= Work to complete =
Restate the data below word for word. Leave the images out.

= Material provided =
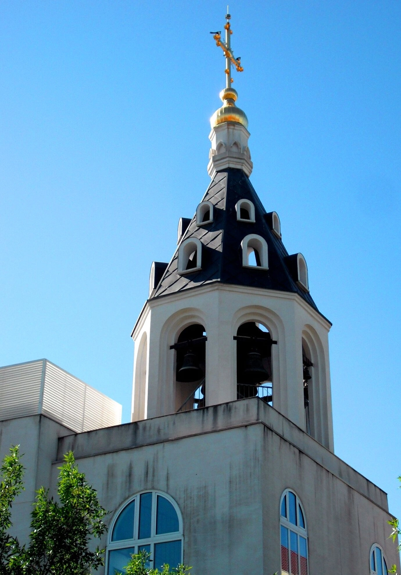 На представленной фотографии запечатлена колокольня кафедрального собора в честь святой равноапостольной Марии Магдалины в Мадриде, являющегося главным храмом Мадридской и Лиссабонской епархии Русской Православной Церкви. Снимок крупным планом показывает верхнюю часть колокольни, увенчанную золочёной главкой, на которой гордо возвышается православный крест, сияющий под испанским солнцем.
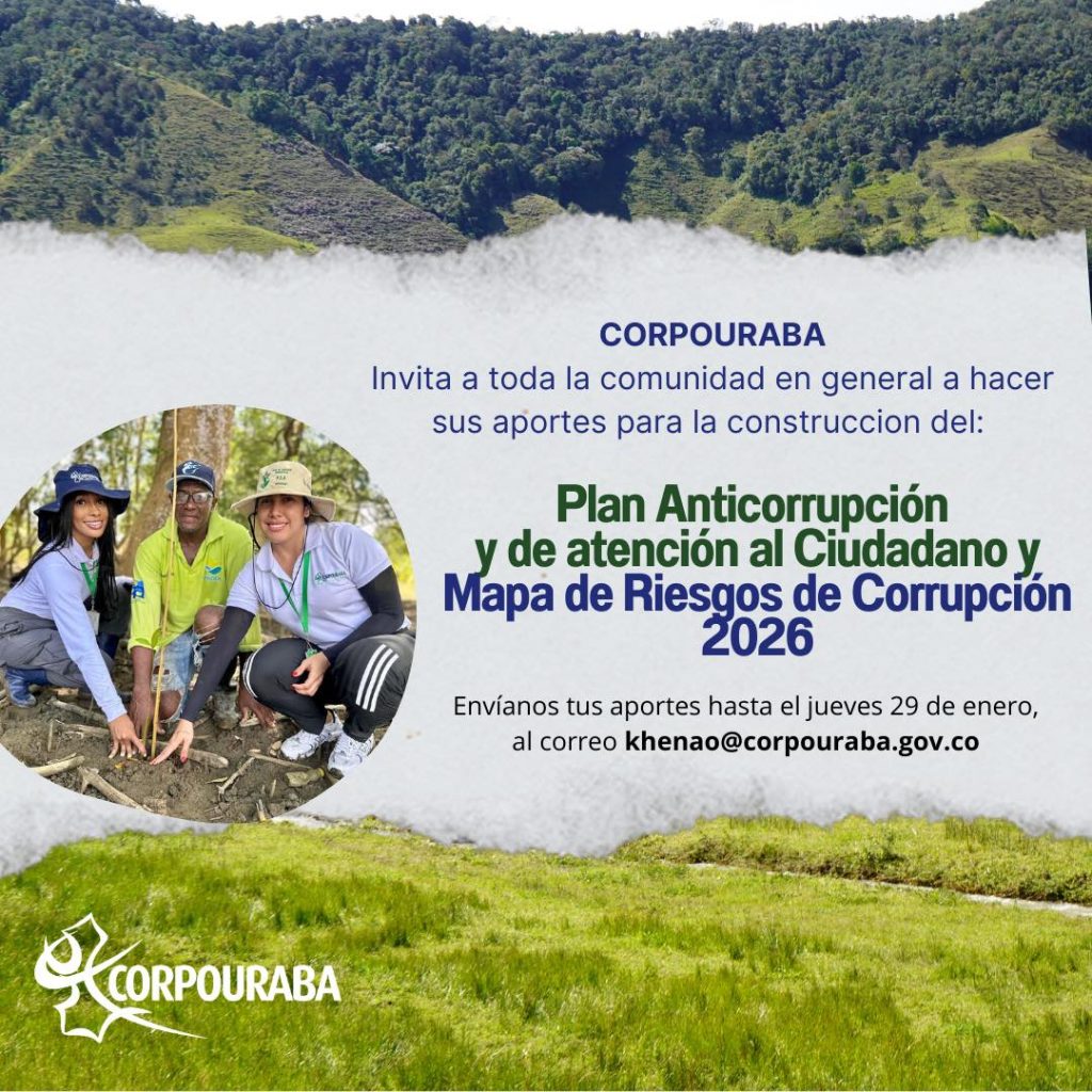 CORPOURABA pone a disposición de la comunidad en general el Plan Anticorrupción y de Atención al Ciudadano y, el Mapa de Riesgos de Corrupción 2026, para su adecuada construcción.
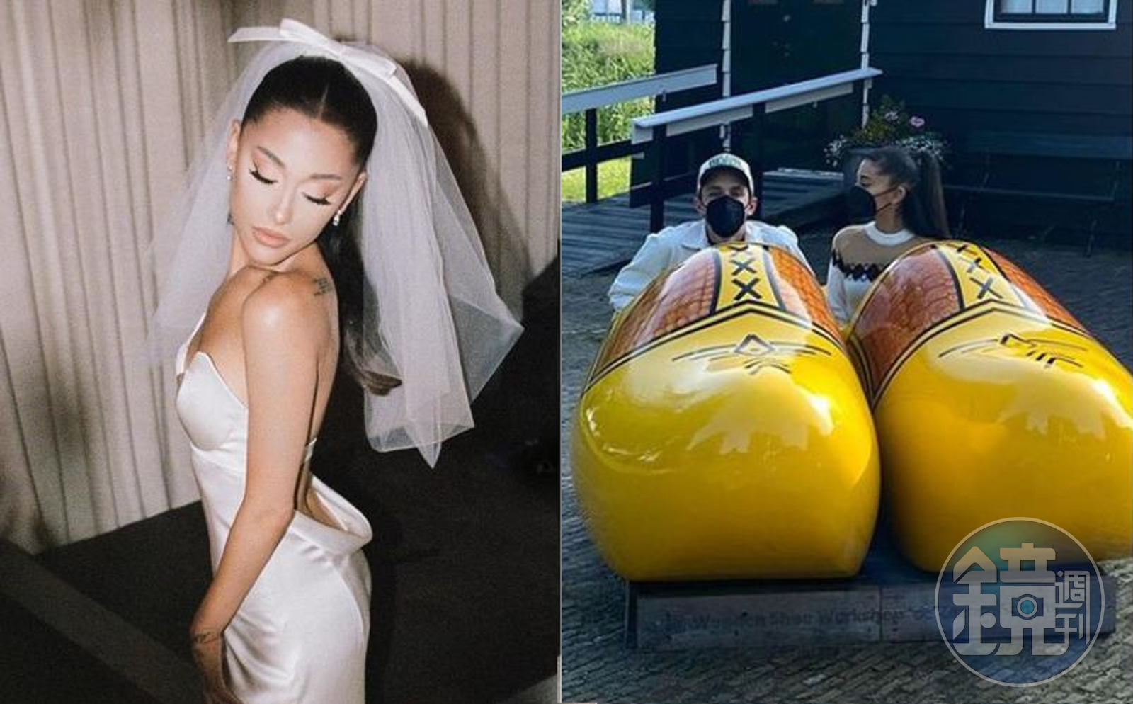 剛晉升為人妻的亞莉安娜昨(12日)在IG分享旅遊照,原來她和新婚尪達頓(Dalton Gomez)在5月的甜蜜小婚禮後,曾到荷蘭阿姆斯特丹度蜜月,2人穿著輕鬆、休閒,連拍照時都把口罩戴好戴滿,唯一一張兩人頭部都有入鏡的照片裡,小夫妻坐進一雙巨大的木鞋,亞莉安娜看老公的眼神都是糖,連放閃都很低調。

= Exercise response =
 На представленной фотографии запечатлена колокольня кафедрального собора в честь святой равноапостольной Марии Магдалины в Мадриде, являющегося главным храмом Мадридской и Лиссабонской епархии Русской Православной Церкви. Снимок крупным планом показывает верхнюю часть колокольни, увенчанную золочёной главкой, на которой гордо возвышается православный крест, сияющий под испанским солнцем.
 CORPOURABA pone a disposición de la comunidad en general el Plan Anticorrupción y de Atención al Ciudadano y, el Mapa de Riesgos de Corrupción 2026, para su adecuada construcción.
 剛晉升為人妻的亞莉安娜昨(12日)在IG分享旅遊照,原來她和新婚尪達頓(Dalton Gomez)在5月的甜蜜小婚禮後,曾到荷蘭阿姆斯特丹度蜜月,2人穿著輕鬆、休閒,連拍照時都把口罩戴好戴滿,唯一一張兩人頭部都有入鏡的照片裡,小夫妻坐進一雙巨大的木鞋,亞莉安娜看老公的眼神都是糖,連放閃都很低調。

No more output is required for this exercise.